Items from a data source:
+++

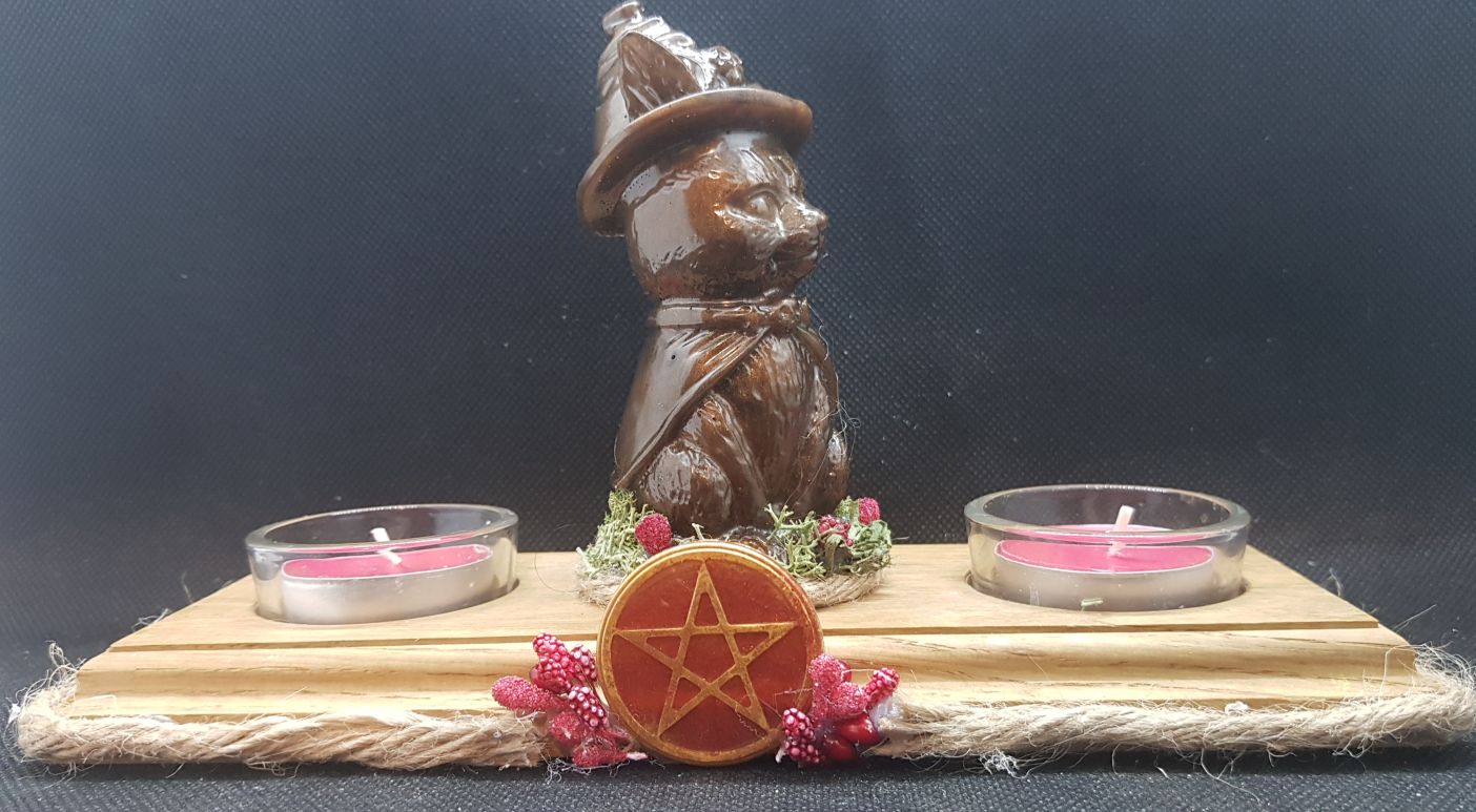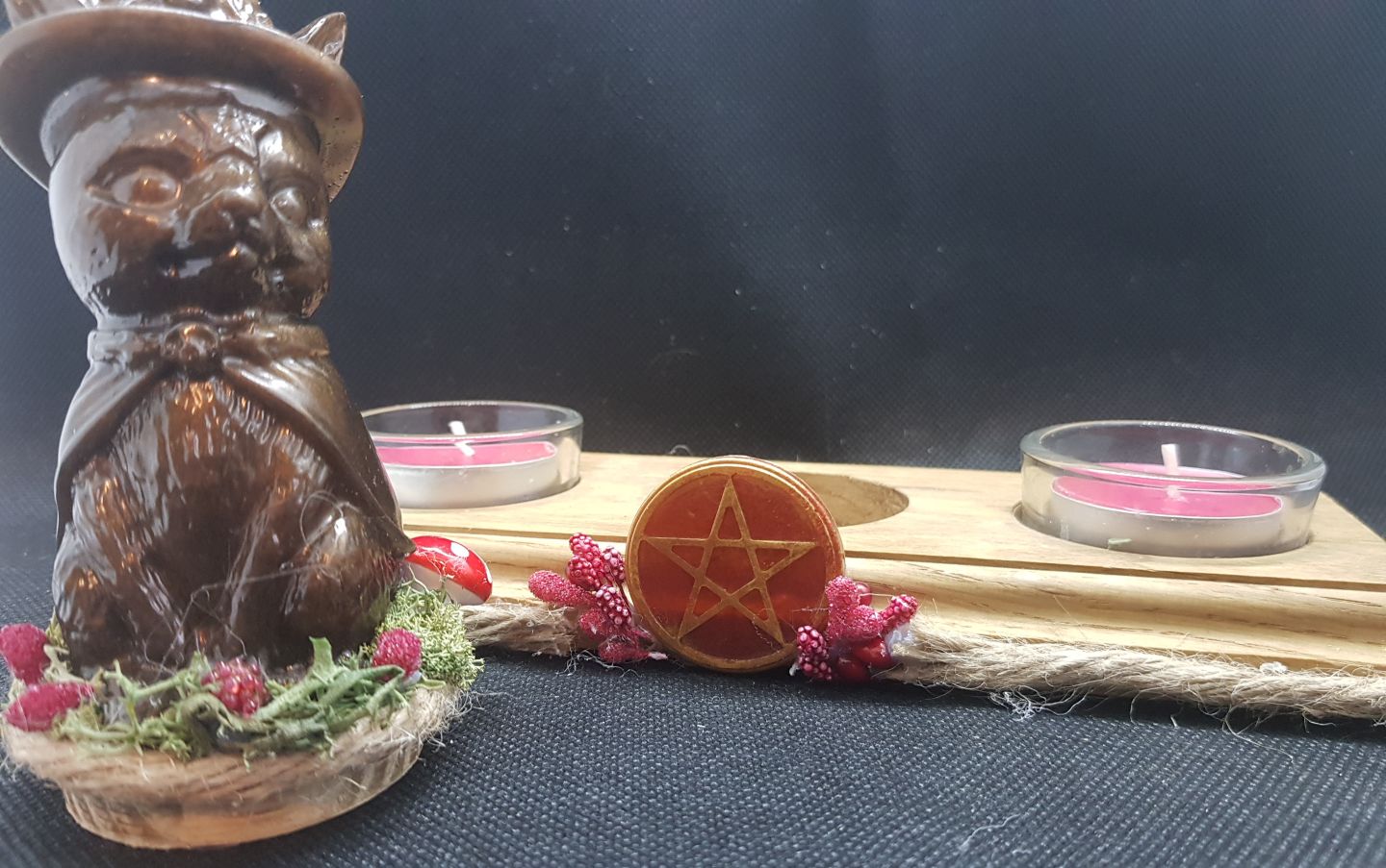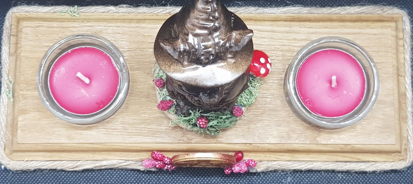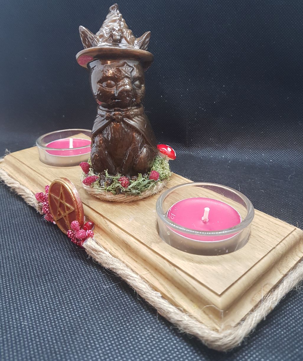 Charmingly styled design created in sculpted natural oak featuring 2 embedded glass tealight holders and a delightful bronze coloured cat figure resplendent in hat and robe and seated on a bed of forest flowers. Finished in Danish oil with a rustic rope border and spiritual motif, the cat figure is removable leaving a third tealight size aperture should more illumination be preferred. A guaranteed focus of interest on any occasion.
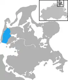 The Schaproder Bodden is a bodden on the Baltic Sea coast between the island of Hiddensee in the west and the islands of Rügen and Ummanz in the east. To the north the Schaproder Bodden is linked to the Vitter Bodden by the so-called Trog between the Fährinsel and the Stolper Haken of Rügen island. To the south the bodden transitions into the Kubitzer Bodden. A boundary would be the line between the southern tips of the Hiddensee (Geller Haken) and Ummanz or the link from the Geller Haken - Insel Heuwiese.
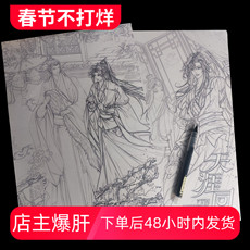 魔道祖师摸鱼线条画临摹控笔上班解压摸鱼涂色节日礼物手工画
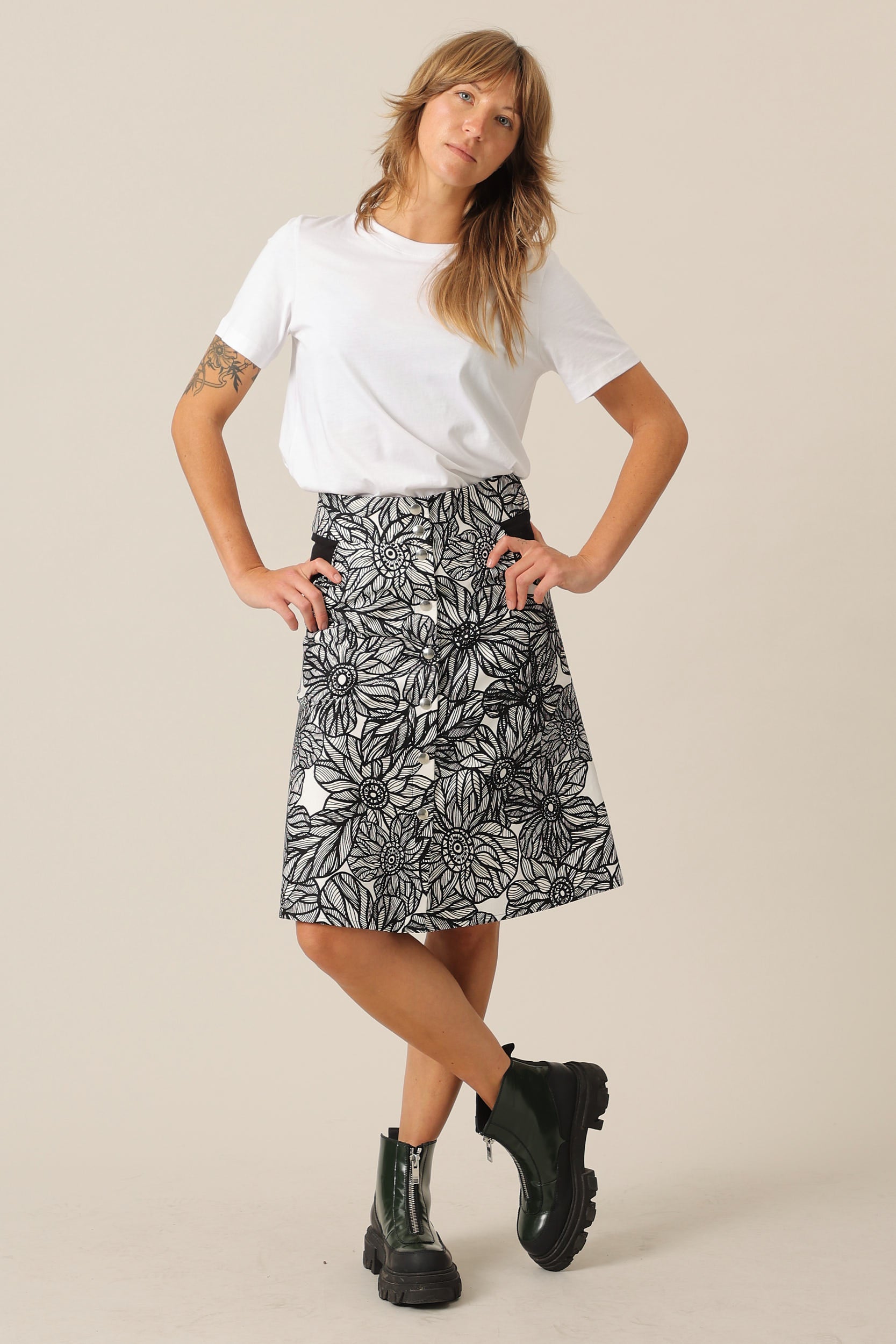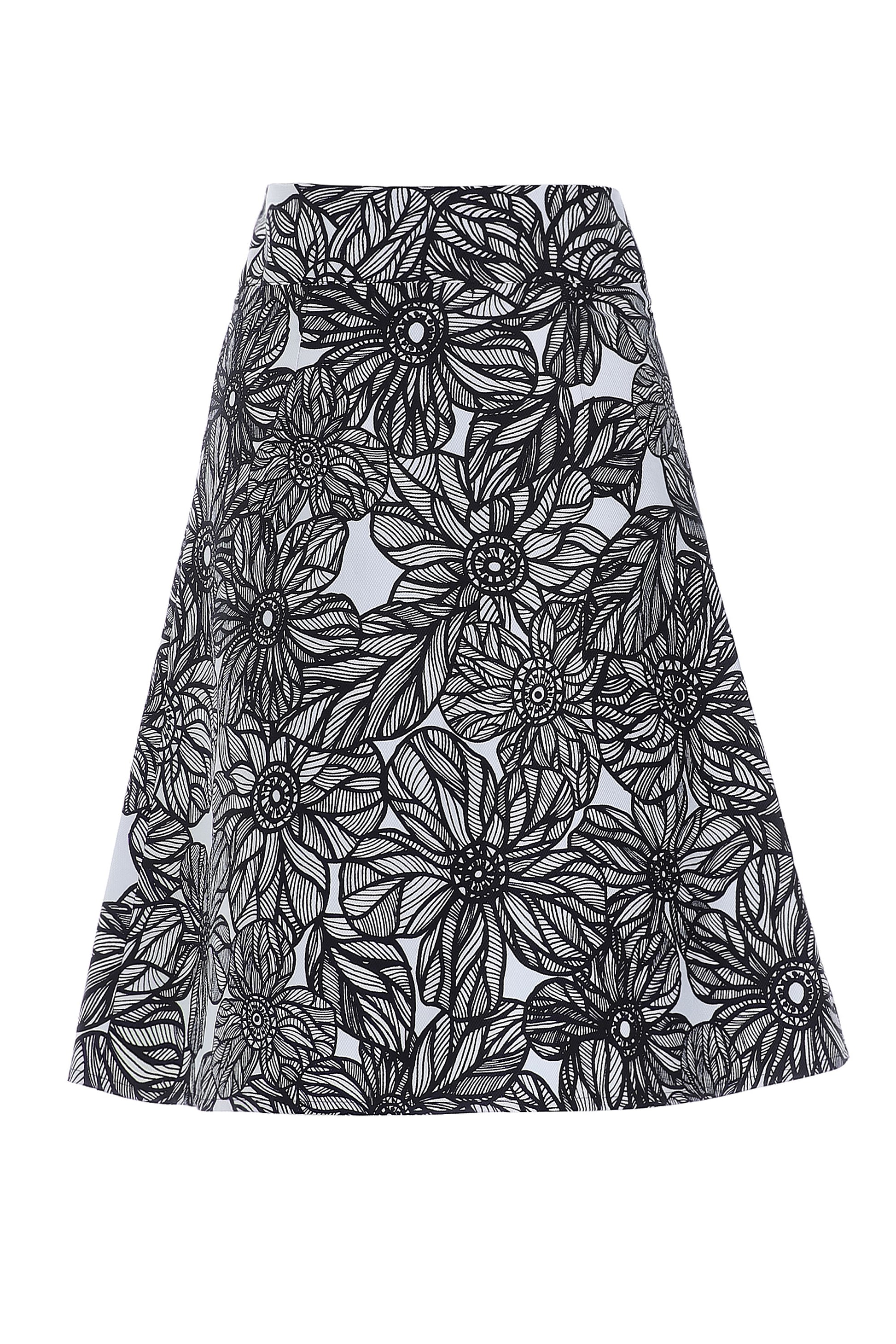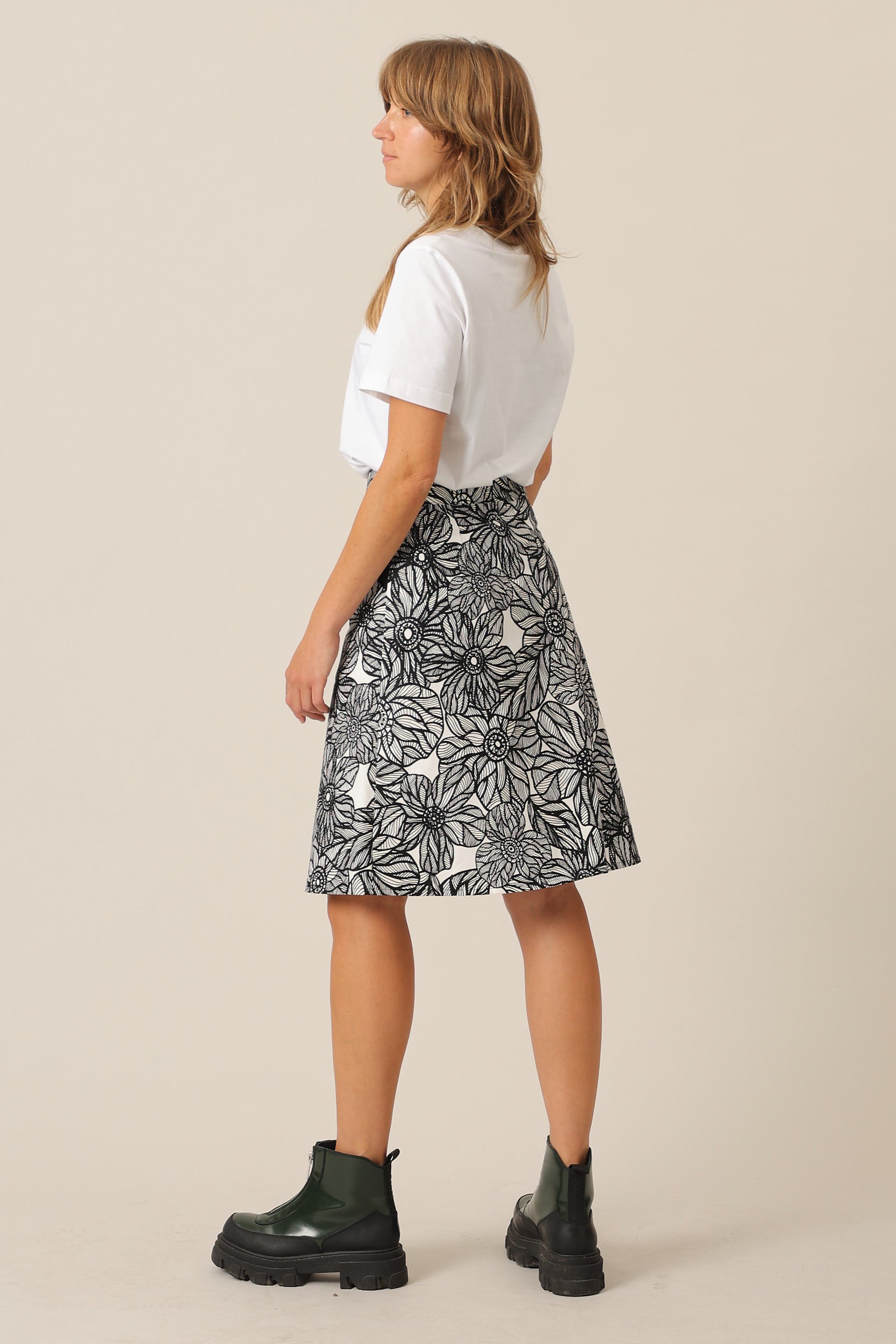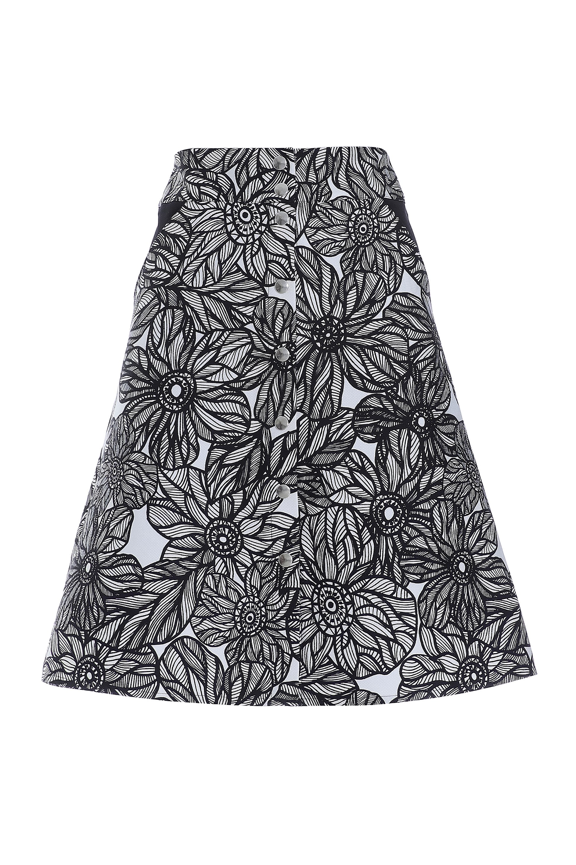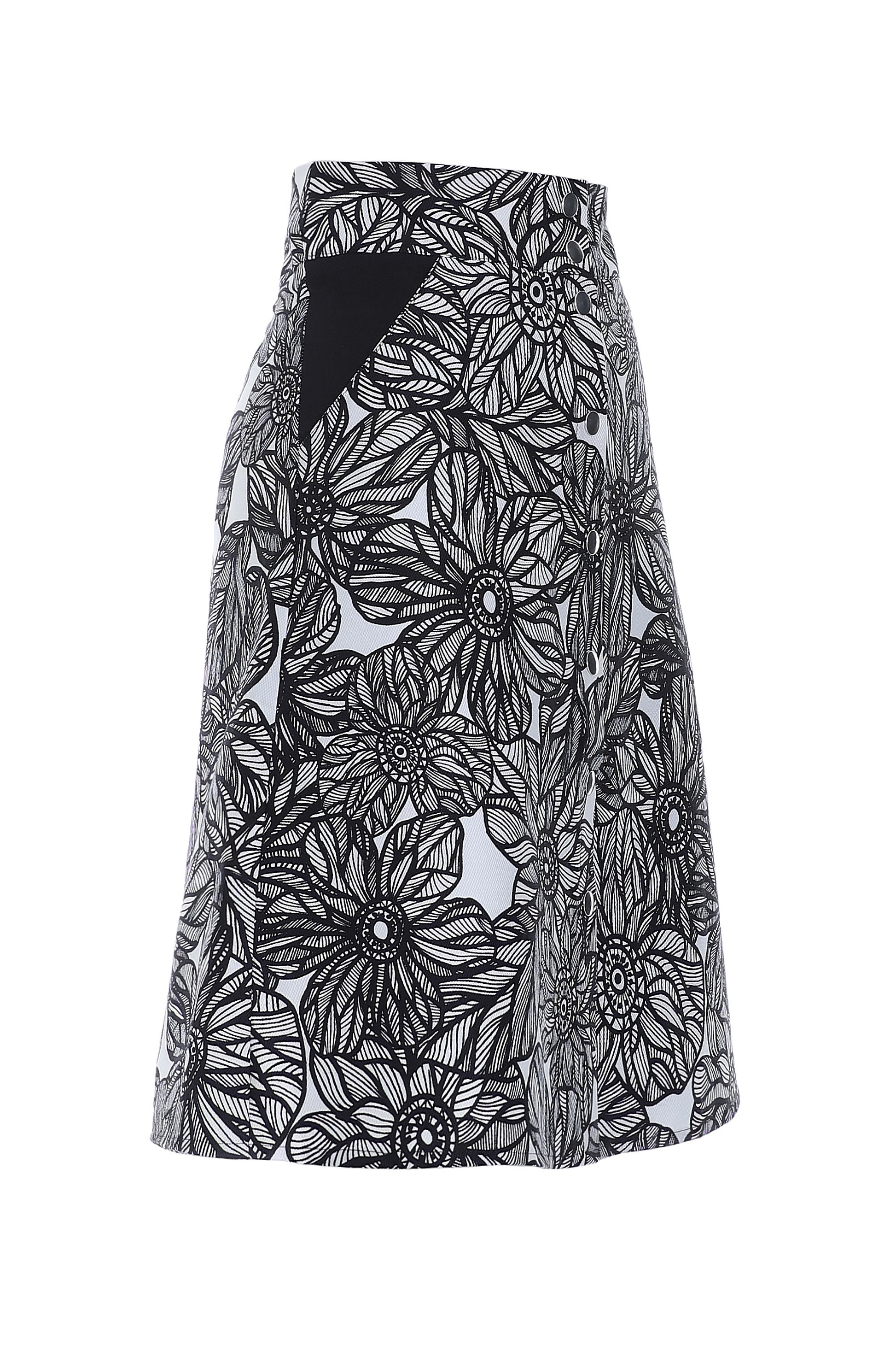 A-formet nederdel i sort og hvid blomsterprint. Den er højtaljet, har lommer og lukkes den flotte metal trykknapper. En allround nederdel, perfekt til både hverdag og fest.
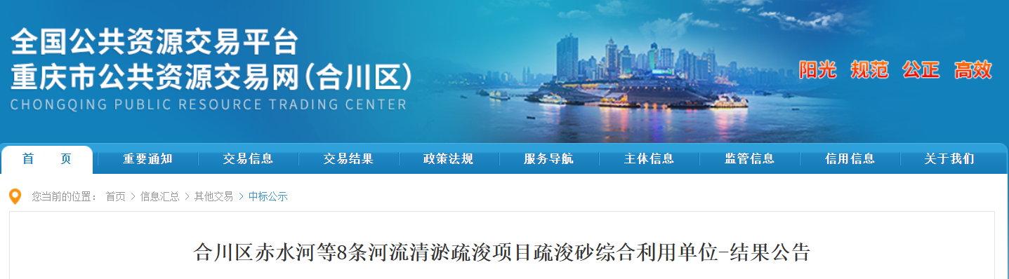 近日,重慶市公共資源交易中心發(fā)布重慶市合川區(qū)水利局對(duì)赤水河等8條河流清淤疏浚項(xiàng)目開展疏浚砂綜合利用單位結(jié)果公告。重慶江城水務(wù)有限公司(地方國企)以6.57億元拍得。項(xiàng)目涉及河段包括赤水河、打柴溝溪、大鰲溪、大沔溪、大蟠溪、上馬橋溪、龍?zhí)断安亟鹣?,清淤總方量約2638.21萬立方米,疏浚砂利用總量達(dá)1366.98萬立方米。

+++

▸ Activity
Your copy should match the data above exactly, apart from the pictures.

▸ Response to the task
 Charmingly styled design created in sculpted natural oak featuring 2 embedded glass tealight holders and a delightful bronze coloured cat figure resplendent in hat and robe and seated on a bed of forest flowers. Finished in Danish oil with a rustic rope border and spiritual motif, the cat figure is removable leaving a third tealight size aperture should more illumination be preferred. A guaranteed focus of interest on any occasion.
 The Schaproder Bodden is a bodden on the Baltic Sea coast between the island of Hiddensee in the west and the islands of Rügen and Ummanz in the east. To the north the Schaproder Bodden is linked to the Vitter Bodden by the so-called Trog between the Fährinsel and the Stolper Haken of Rügen island. To the south the bodden transitions into the Kubitzer Bodden. A boundary would be the line between the southern tips of the Hiddensee (Geller Haken) and Ummanz or the link from the Geller Haken - Insel Heuwiese.
 魔道祖师摸鱼线条画临摹控笔上班解压摸鱼涂色节日礼物手工画
 A-formet nederdel i sort og hvid blomsterprint. Den er højtaljet, har lommer og lukkes den flotte metal trykknapper. En allround nederdel, perfekt til både hverdag og fest.
 近日,重慶市公共資源交易中心發(fā)布重慶市合川區(qū)水利局對(duì)赤水河等8條河流清淤疏浚項(xiàng)目開展疏浚砂綜合利用單位結(jié)果公告。重慶江城水務(wù)有限公司(地方國企)以6.57億元拍得。項(xiàng)目涉及河段包括赤水河、打柴溝溪、大鰲溪、大沔溪、大蟠溪、上馬橋溪、龍?zhí)断安亟鹣?,清淤總方量約2638.21萬立方米,疏浚砂利用總量達(dá)1366.98萬立方米。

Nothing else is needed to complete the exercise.